- **Records provided**
_ _ _ _ _ _ _
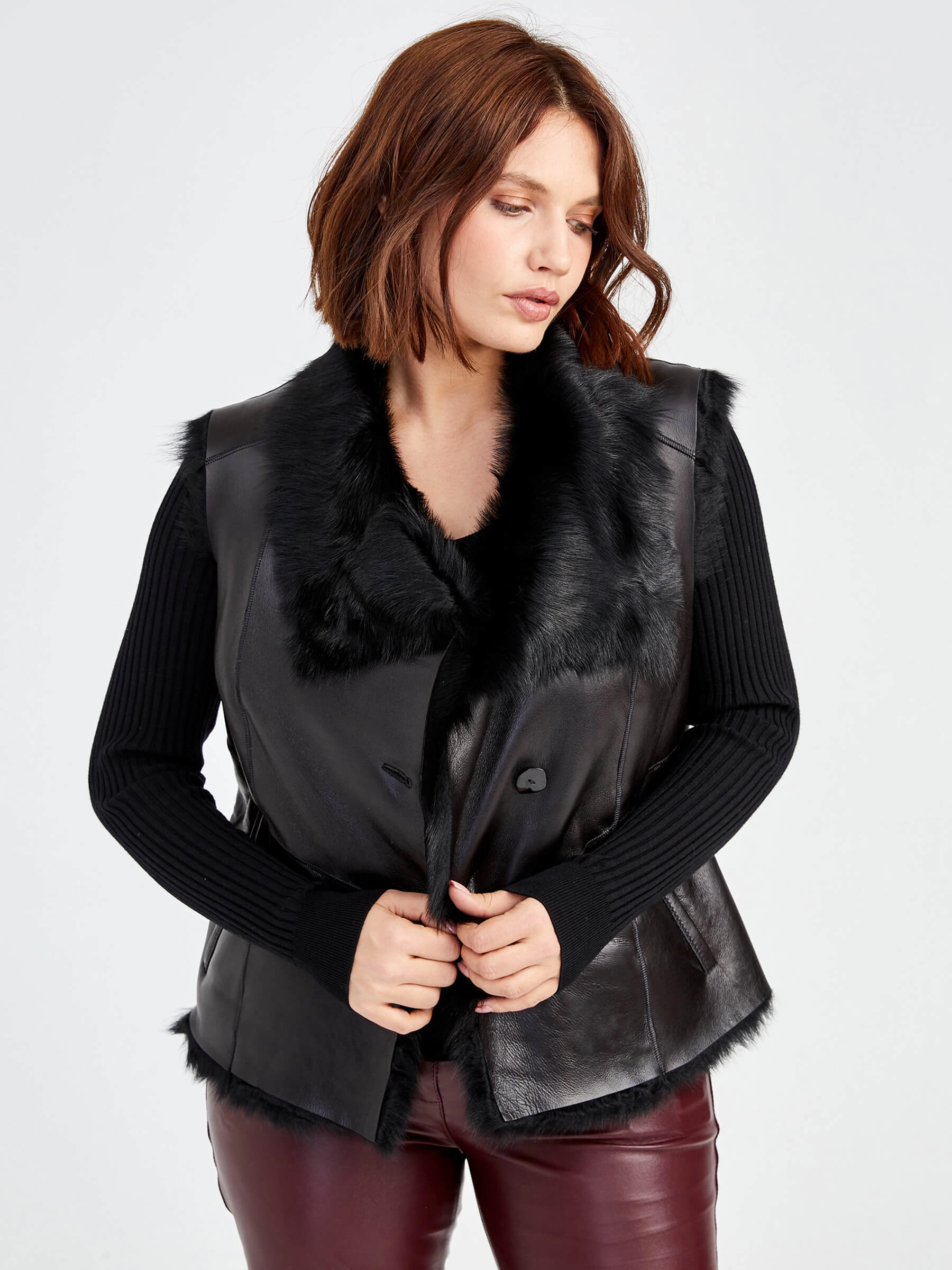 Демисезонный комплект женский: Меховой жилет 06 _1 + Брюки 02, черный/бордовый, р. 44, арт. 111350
_ _ _ _ _ _ _
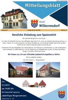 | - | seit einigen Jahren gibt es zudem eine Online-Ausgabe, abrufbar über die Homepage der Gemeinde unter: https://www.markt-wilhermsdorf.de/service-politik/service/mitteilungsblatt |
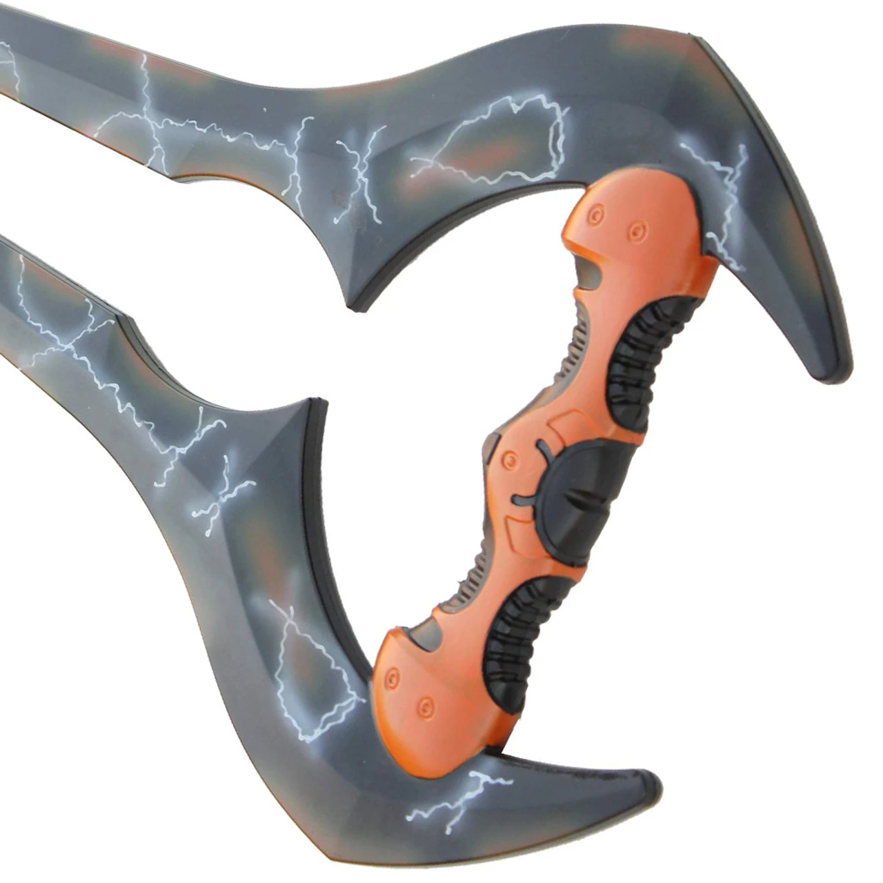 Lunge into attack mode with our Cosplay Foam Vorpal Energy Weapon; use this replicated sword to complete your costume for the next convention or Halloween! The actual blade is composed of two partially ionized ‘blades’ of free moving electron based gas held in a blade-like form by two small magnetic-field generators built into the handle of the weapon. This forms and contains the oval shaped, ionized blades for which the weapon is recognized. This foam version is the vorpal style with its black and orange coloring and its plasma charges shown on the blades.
_ _ _ _ _ _ _
- **Task objective**
Those lines of the records above that run from the one containing "seit einigen Jahren" through the one containing "Lunge into attack" should be returned exactly, with no pictures among them.

- **Result**
 | - | seit einigen Jahren gibt es zudem eine Online-Ausgabe, abrufbar über die Homepage der Gemeinde unter: https://www.markt-wilhermsdorf.de/service-politik/service/mitteilungsblatt |
 Lunge into attack mode with our Cosplay Foam Vorpal Energy Weapon; use this replicated sword to complete your costume for the next convention or Halloween! The actual blade is composed of two partially ionized ‘blades’ of free moving electron based gas held in a blade-like form by two small magnetic-field generators built into the handle of the weapon. This forms and contains the oval shaped, ionized blades for which the weapon is recognized. This foam version is the vorpal style with its black and orange coloring and its plasma charges shown on the blades.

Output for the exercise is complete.